In the current paper, we studied the problem of computing a UCQ rewriting for queries that have been extended with new atoms, by extending a previously computed UCQ rewriting for them and avoiding the computation of a UCQ rewriting from scratch. We studied the problem theoretically and presented detailed algorithms. Our study also gave rise to a novel query rewriting algorithm that is based on the incremental processing of query atoms. More precisely, given a fixed input query one can process one atom at a time and extend a previously computed rewriting until a UCQ for the input query has been computed. To improve its efficiency we have proposed several novel optimisations which greatly improve the computation time and reduce the number of computed redundant queries. Finally, we have implemented all algorithms and have conducted a detailed experimental evaluation. Our results show that the algorithm is highly efficient and generally outperforms all state-of-the-art systems that are currently available.
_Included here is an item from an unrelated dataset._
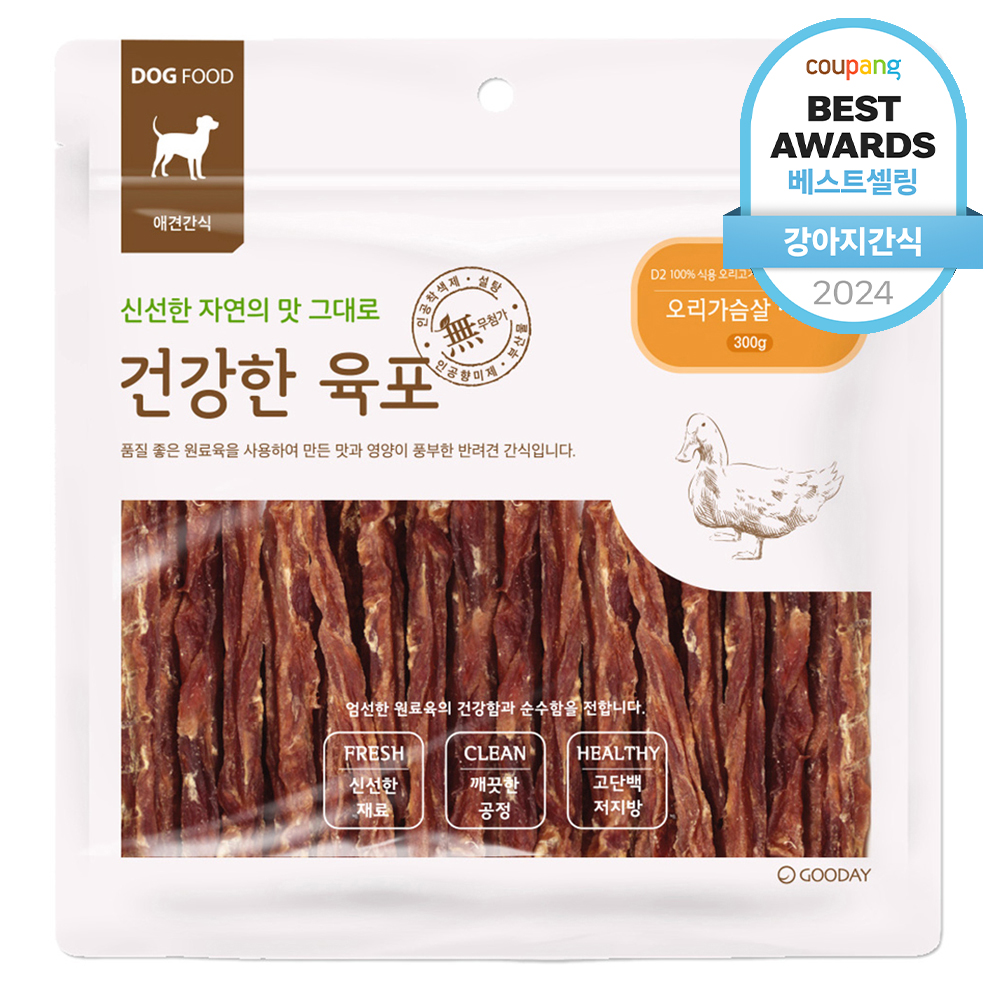 안녕하세요, 여러분! 오늘은 우리 강아지를 위한 특별한 간식을 소개하려고 합니다. 바로 굿데이 건강한 육포 강아지 간식인데요, 오리가슴살 스틱으로 만들어져, 강아지들이 정말 좋아하는 제품입니다. 300g 대용량으로 합리적인 가격에 제공되어 여러분의 반려견에게 행복한 간식 시간을 선사할 거에요.

Apart from providing a novel efficient query rewriting system, our results have several important theoretical consequences and give many opportunities for future work. First, they show that rewriting over DL-Lite ontologies can largely be performed in parallel giving a complete efficient algorithm which, to the best of our knowledge, was previously unknown. This direction has not been explored in this paper and can be part of future work. Other directions of future work can be the investigation and design of such incremental algorithms for other lightweight languages, like Linear-Datalog\(^\pm \), or for more expressive languages, like \(\mathcal ELHI \). Furthermore, in the current paper, we have not studied other types of refinements for input queries, like the removal of atoms and the addition/removal of distinguished variables. Last but not least, another interesting problem that largely remains open in the area of query rewriting is how to efficiently evaluate the computed UCQ rewriting over a database. We feel that the incremental algorithm can provide some new opportunities in addressing this problem.